The records below are to be written out exactly, with every picture omitted.
Input data: Begin
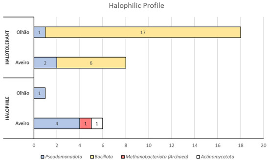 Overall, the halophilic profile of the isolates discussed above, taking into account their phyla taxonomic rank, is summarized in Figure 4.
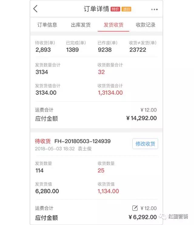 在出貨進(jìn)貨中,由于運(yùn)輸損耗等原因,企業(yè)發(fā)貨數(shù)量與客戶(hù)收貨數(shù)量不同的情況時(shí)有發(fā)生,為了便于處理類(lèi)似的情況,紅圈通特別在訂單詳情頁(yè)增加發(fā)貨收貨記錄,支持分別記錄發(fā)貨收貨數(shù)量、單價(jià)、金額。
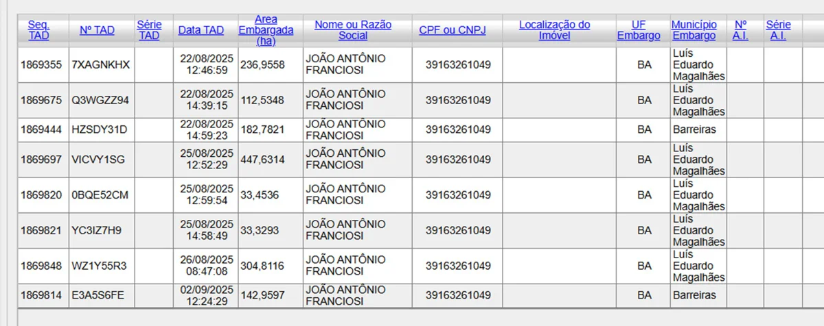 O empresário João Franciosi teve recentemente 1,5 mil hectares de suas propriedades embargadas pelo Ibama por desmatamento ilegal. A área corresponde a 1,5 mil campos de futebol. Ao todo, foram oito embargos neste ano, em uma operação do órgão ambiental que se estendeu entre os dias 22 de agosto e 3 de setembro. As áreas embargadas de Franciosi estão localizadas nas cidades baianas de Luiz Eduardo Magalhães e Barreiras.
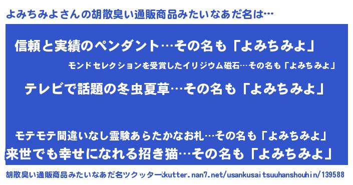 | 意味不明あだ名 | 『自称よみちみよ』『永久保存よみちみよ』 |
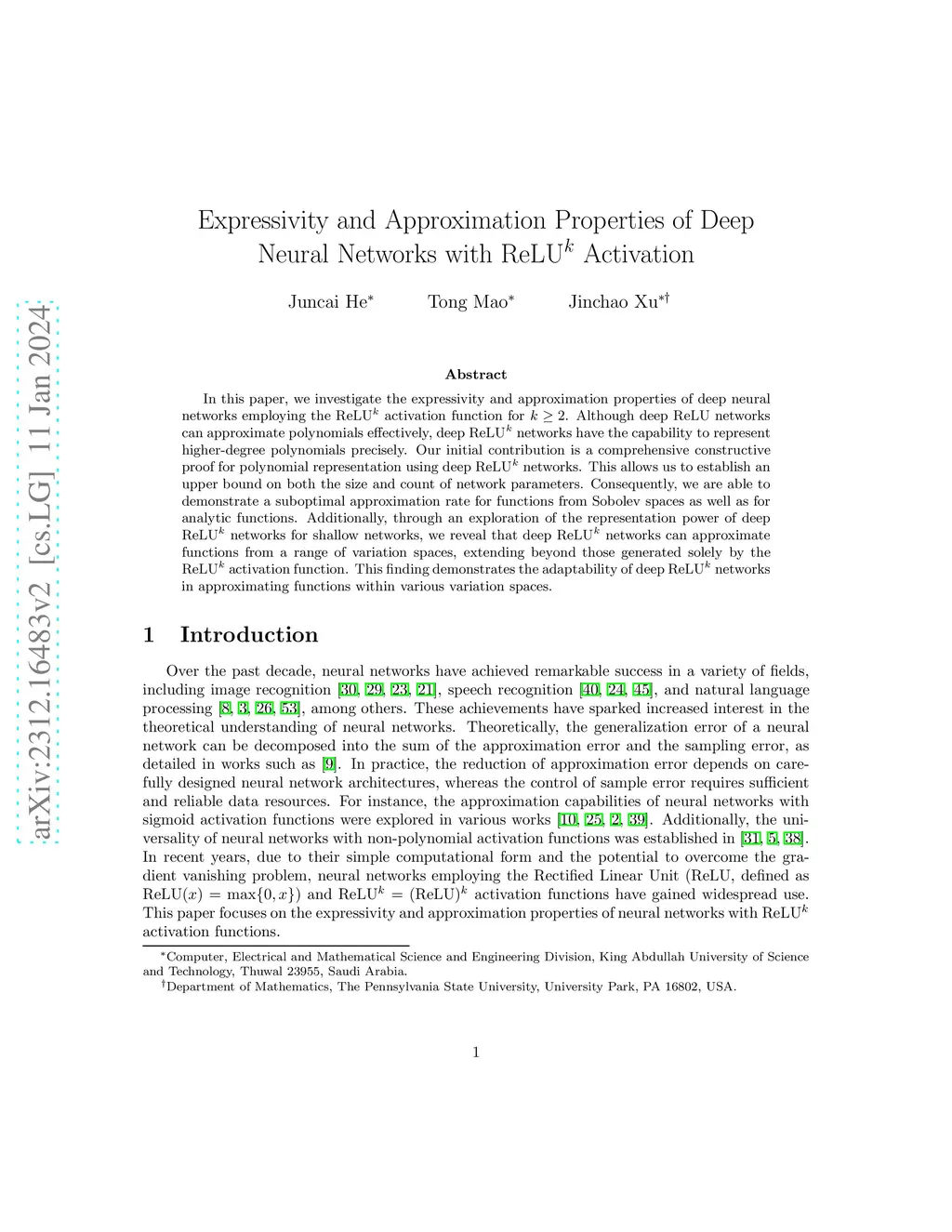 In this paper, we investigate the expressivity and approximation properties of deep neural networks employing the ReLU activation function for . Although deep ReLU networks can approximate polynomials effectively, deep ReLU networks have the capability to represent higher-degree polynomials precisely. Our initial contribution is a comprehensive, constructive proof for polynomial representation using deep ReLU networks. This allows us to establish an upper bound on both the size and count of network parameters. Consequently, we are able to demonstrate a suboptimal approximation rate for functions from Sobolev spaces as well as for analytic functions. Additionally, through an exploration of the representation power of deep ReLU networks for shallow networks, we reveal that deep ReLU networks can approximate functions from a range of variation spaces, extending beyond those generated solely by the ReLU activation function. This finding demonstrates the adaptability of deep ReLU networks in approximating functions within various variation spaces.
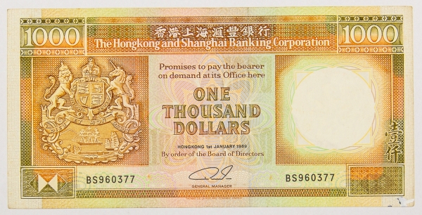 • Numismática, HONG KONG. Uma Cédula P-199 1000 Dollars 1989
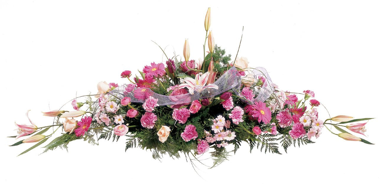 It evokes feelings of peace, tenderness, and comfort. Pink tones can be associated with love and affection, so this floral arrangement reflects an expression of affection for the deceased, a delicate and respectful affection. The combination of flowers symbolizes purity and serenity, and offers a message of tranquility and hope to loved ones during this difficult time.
Input data: End
__Task answer__
 Overall, the halophilic profile of the isolates discussed above, taking into account their phyla taxonomic rank, is summarized in Figure 4.
 在出貨進(jìn)貨中,由于運(yùn)輸損耗等原因,企業(yè)發(fā)貨數(shù)量與客戶(hù)收貨數(shù)量不同的情況時(shí)有發(fā)生,為了便于處理類(lèi)似的情況,紅圈通特別在訂單詳情頁(yè)增加發(fā)貨收貨記錄,支持分別記錄發(fā)貨收貨數(shù)量、單價(jià)、金額。
 O empresário João Franciosi teve recentemente 1,5 mil hectares de suas propriedades embargadas pelo Ibama por desmatamento ilegal. A área corresponde a 1,5 mil campos de futebol. Ao todo, foram oito embargos neste ano, em uma operação do órgão ambiental que se estendeu entre os dias 22 de agosto e 3 de setembro. As áreas embargadas de Franciosi estão localizadas nas cidades baianas de Luiz Eduardo Magalhães e Barreiras.
 | 意味不明あだ名 | 『自称よみちみよ』『永久保存よみちみよ』 |
 In this paper, we investigate the expressivity and approximation properties of deep neural networks employing the ReLU activation function for . Although deep ReLU networks can approximate polynomials effectively, deep ReLU networks have the capability to represent higher-degree polynomials precisely. Our initial contribution is a comprehensive, constructive proof for polynomial representation using deep ReLU networks. This allows us to establish an upper bound on both the size and count of network parameters. Consequently, we are able to demonstrate a suboptimal approximation rate for functions from Sobolev spaces as well as for analytic functions. Additionally, through an exploration of the representation power of deep ReLU networks for shallow networks, we reveal that deep ReLU networks can approximate functions from a range of variation spaces, extending beyond those generated solely by the ReLU activation function. This finding demonstrates the adaptability of deep ReLU networks in approximating functions within various variation spaces.
 • Numismática, HONG KONG. Uma Cédula P-199 1000 Dollars 1989
 It evokes feelings of peace, tenderness, and comfort. Pink tones can be associated with love and affection, so this floral arrangement reflects an expression of affection for the deceased, a delicate and respectful affection. The combination of flowers symbolizes purity and serenity, and offers a message of tranquility and hope to loved ones during this difficult time.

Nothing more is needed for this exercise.